Task material =>
◆ ◆ ◆ ◆ ◆

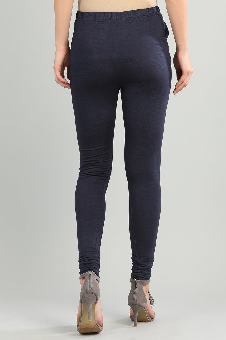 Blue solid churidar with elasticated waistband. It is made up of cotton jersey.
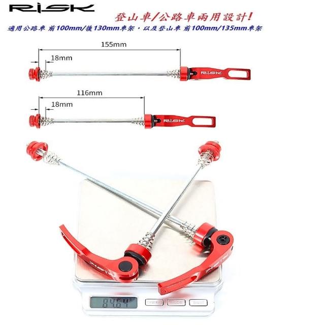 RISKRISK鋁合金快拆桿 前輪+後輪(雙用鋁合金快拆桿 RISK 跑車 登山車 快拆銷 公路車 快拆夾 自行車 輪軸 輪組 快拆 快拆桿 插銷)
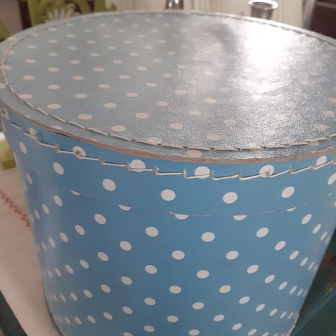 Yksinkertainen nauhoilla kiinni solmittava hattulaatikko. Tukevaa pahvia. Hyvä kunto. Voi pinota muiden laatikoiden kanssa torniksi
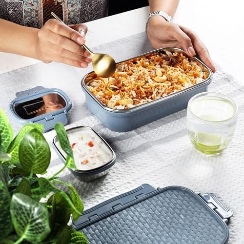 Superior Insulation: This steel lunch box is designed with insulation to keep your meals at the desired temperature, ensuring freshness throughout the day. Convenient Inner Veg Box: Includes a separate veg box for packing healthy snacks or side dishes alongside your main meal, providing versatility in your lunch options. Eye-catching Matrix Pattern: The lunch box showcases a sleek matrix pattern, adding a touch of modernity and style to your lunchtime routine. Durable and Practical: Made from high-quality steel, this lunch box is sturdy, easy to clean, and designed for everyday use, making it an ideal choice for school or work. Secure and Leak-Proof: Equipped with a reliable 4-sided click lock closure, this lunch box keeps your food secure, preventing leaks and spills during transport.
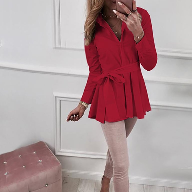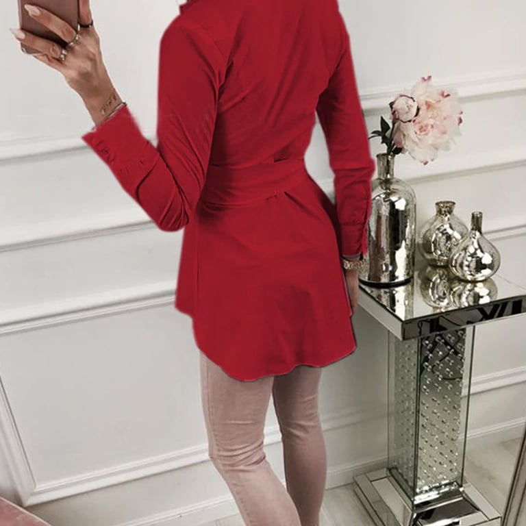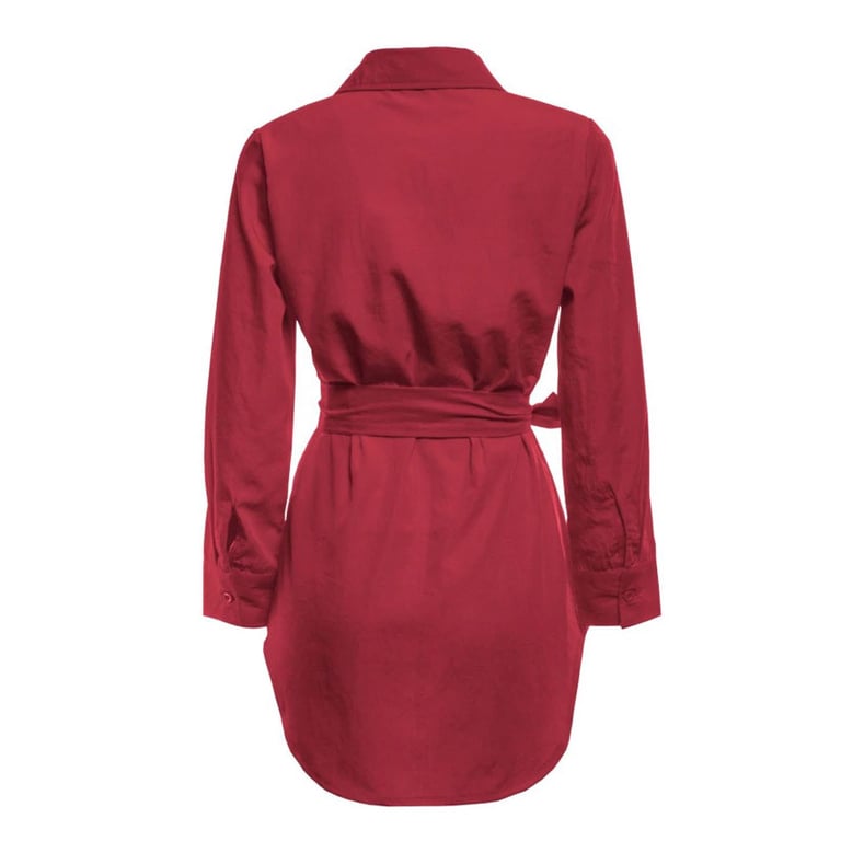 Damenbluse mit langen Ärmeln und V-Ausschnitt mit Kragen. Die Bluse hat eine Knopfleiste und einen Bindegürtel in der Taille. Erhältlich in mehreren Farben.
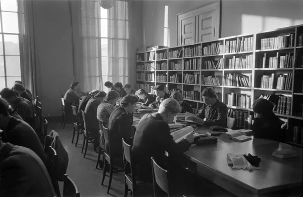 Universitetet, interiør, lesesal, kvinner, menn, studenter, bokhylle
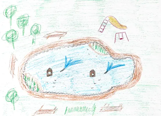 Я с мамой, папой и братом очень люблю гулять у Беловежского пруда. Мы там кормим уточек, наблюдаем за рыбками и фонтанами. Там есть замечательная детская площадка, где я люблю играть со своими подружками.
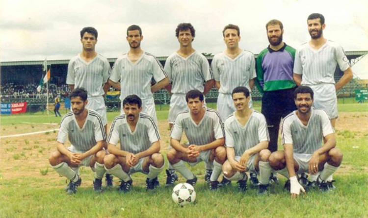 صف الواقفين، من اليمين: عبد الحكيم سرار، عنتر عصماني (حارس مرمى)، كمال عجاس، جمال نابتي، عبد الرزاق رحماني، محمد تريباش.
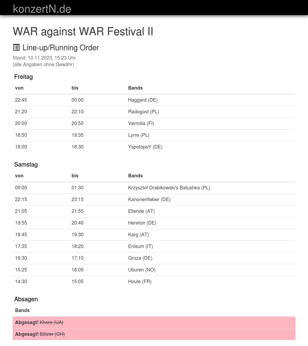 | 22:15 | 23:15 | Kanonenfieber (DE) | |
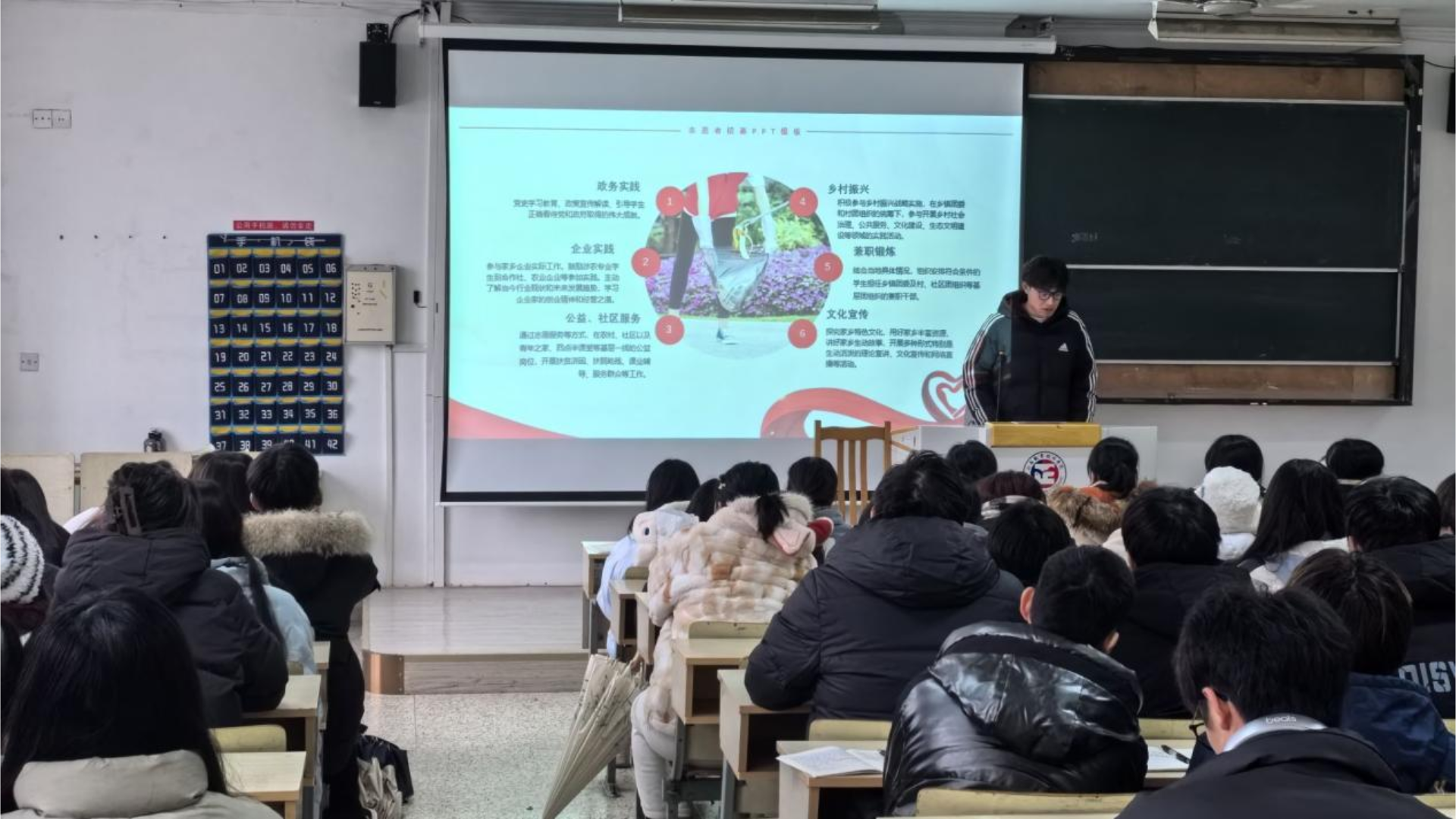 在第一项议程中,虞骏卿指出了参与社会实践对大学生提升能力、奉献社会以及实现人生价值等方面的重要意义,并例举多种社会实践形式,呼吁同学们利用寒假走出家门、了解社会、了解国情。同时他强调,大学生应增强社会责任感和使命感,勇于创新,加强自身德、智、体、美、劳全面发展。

◆ ◆ ◆ ◆ ◆

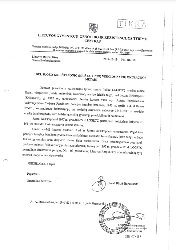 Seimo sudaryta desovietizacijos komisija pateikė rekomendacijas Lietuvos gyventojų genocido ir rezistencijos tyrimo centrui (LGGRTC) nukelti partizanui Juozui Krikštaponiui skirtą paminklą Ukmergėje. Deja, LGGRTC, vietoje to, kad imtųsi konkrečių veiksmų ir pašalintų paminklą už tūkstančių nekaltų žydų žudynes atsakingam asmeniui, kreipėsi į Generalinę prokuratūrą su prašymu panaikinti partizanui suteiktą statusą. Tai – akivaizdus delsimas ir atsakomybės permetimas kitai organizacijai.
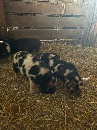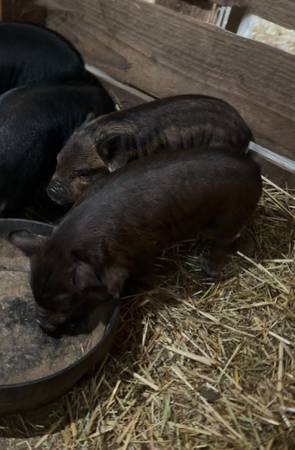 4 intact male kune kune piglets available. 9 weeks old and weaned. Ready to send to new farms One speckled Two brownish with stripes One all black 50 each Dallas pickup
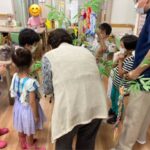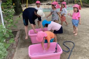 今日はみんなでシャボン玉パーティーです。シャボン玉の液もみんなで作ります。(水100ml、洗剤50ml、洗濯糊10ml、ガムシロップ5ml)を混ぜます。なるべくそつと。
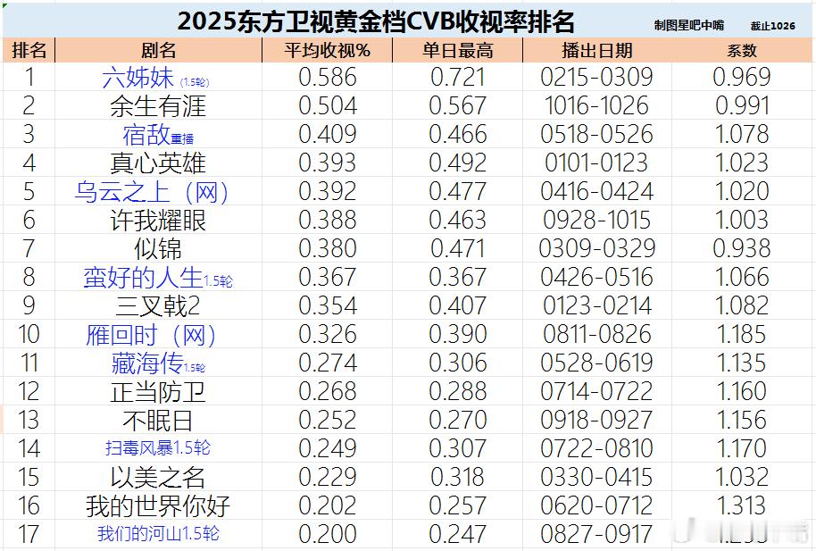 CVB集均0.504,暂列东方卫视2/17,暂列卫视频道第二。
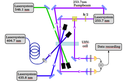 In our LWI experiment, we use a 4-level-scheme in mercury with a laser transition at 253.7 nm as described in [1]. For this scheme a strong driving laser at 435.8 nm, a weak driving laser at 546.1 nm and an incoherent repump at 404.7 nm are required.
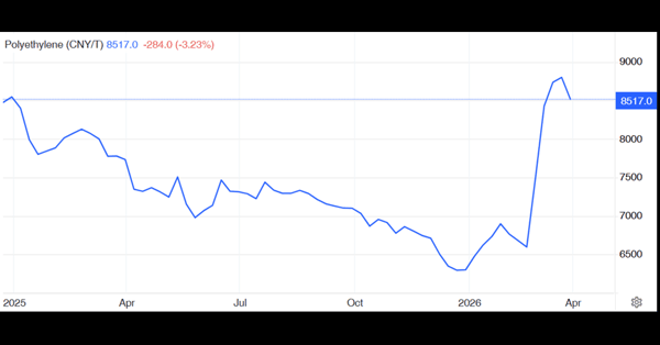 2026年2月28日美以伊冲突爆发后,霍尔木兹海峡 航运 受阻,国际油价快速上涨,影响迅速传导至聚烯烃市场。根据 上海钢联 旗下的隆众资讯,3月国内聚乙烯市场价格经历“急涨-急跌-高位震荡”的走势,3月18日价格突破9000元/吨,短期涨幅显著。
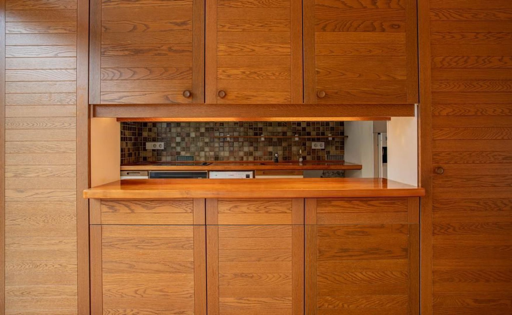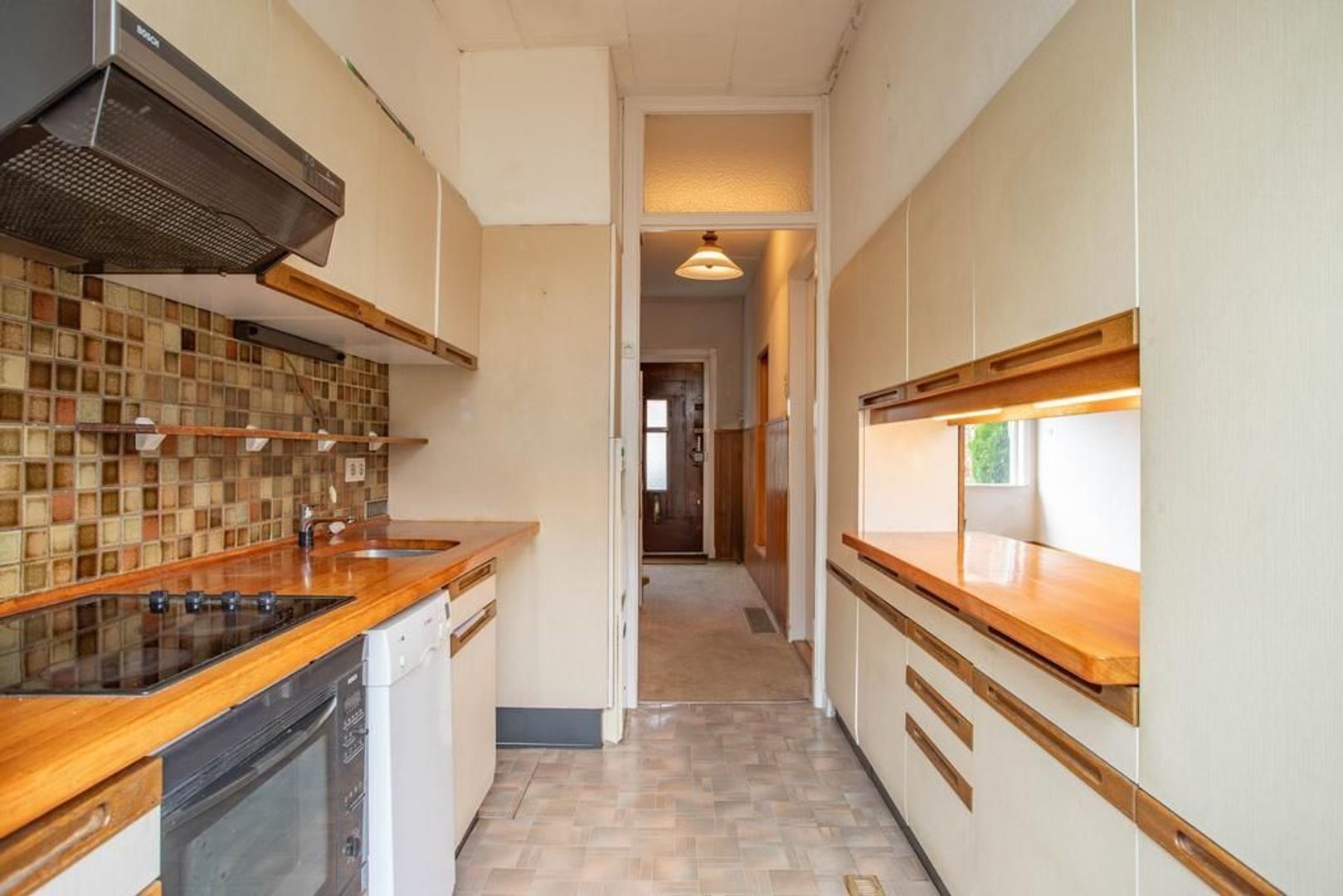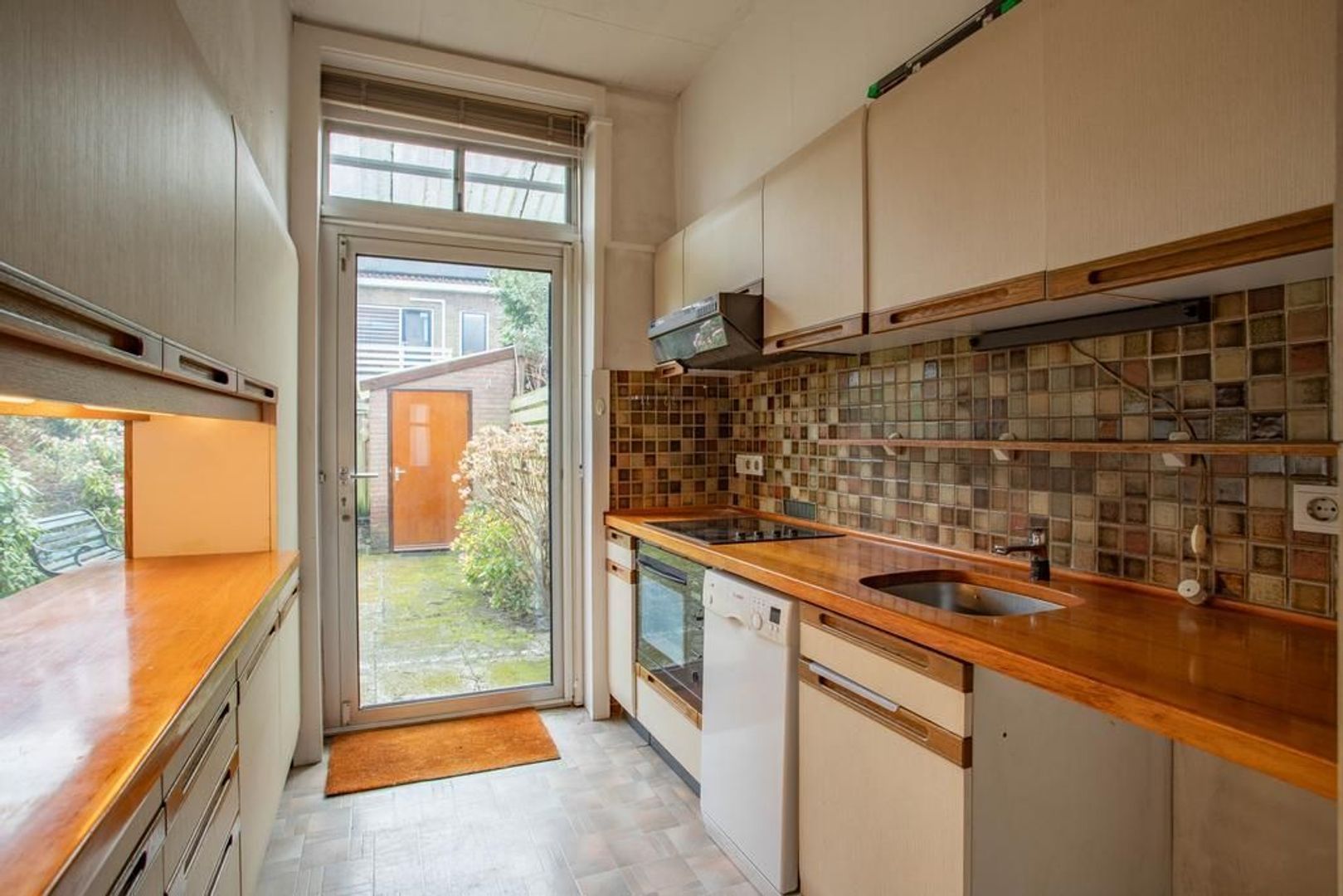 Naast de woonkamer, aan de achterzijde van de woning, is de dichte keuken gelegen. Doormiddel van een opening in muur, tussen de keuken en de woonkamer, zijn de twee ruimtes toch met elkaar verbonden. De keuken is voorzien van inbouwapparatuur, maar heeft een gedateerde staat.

◆ ◆ ◆ ◆ ◆

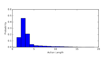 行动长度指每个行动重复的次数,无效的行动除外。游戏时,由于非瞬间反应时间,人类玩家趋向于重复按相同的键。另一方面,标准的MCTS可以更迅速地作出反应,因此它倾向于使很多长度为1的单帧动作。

◆ ◆ ◆ ◆ ◆

Assignment => Among the lines above, the one with "Yksinkertainen nauhoilla kiinni" opens the part to repeat and the one with "在第一项议程中,虞骏卿指出了" closes it; repeat only that part exactly, with no pictures.

Your solution =>
 Yksinkertainen nauhoilla kiinni solmittava hattulaatikko. Tukevaa pahvia. Hyvä kunto. Voi pinota muiden laatikoiden kanssa torniksi
 Superior Insulation: This steel lunch box is designed with insulation to keep your meals at the desired temperature, ensuring freshness throughout the day. Convenient Inner Veg Box: Includes a separate veg box for packing healthy snacks or side dishes alongside your main meal, providing versatility in your lunch options. Eye-catching Matrix Pattern: The lunch box showcases a sleek matrix pattern, adding a touch of modernity and style to your lunchtime routine. Durable and Practical: Made from high-quality steel, this lunch box is sturdy, easy to clean, and designed for everyday use, making it an ideal choice for school or work. Secure and Leak-Proof: Equipped with a reliable 4-sided click lock closure, this lunch box keeps your food secure, preventing leaks and spills during transport.
 Damenbluse mit langen Ärmeln und V-Ausschnitt mit Kragen. Die Bluse hat eine Knopfleiste und einen Bindegürtel in der Taille. Erhältlich in mehreren Farben.
 Universitetet, interiør, lesesal, kvinner, menn, studenter, bokhylle
 Я с мамой, папой и братом очень люблю гулять у Беловежского пруда. Мы там кормим уточек, наблюдаем за рыбками и фонтанами. Там есть замечательная детская площадка, где я люблю играть со своими подружками.
 صف الواقفين، من اليمين: عبد الحكيم سرار، عنتر عصماني (حارس مرمى)، كمال عجاس، جمال نابتي، عبد الرزاق رحماني، محمد تريباش.
 | 22:15 | 23:15 | Kanonenfieber (DE) | |
 在第一项议程中,虞骏卿指出了参与社会实践对大学生提升能力、奉献社会以及实现人生价值等方面的重要意义,并例举多种社会实践形式,呼吁同学们利用寒假走出家门、了解社会、了解国情。同时他强调,大学生应增强社会责任感和使命感,勇于创新,加强自身德、智、体、美、劳全面发展。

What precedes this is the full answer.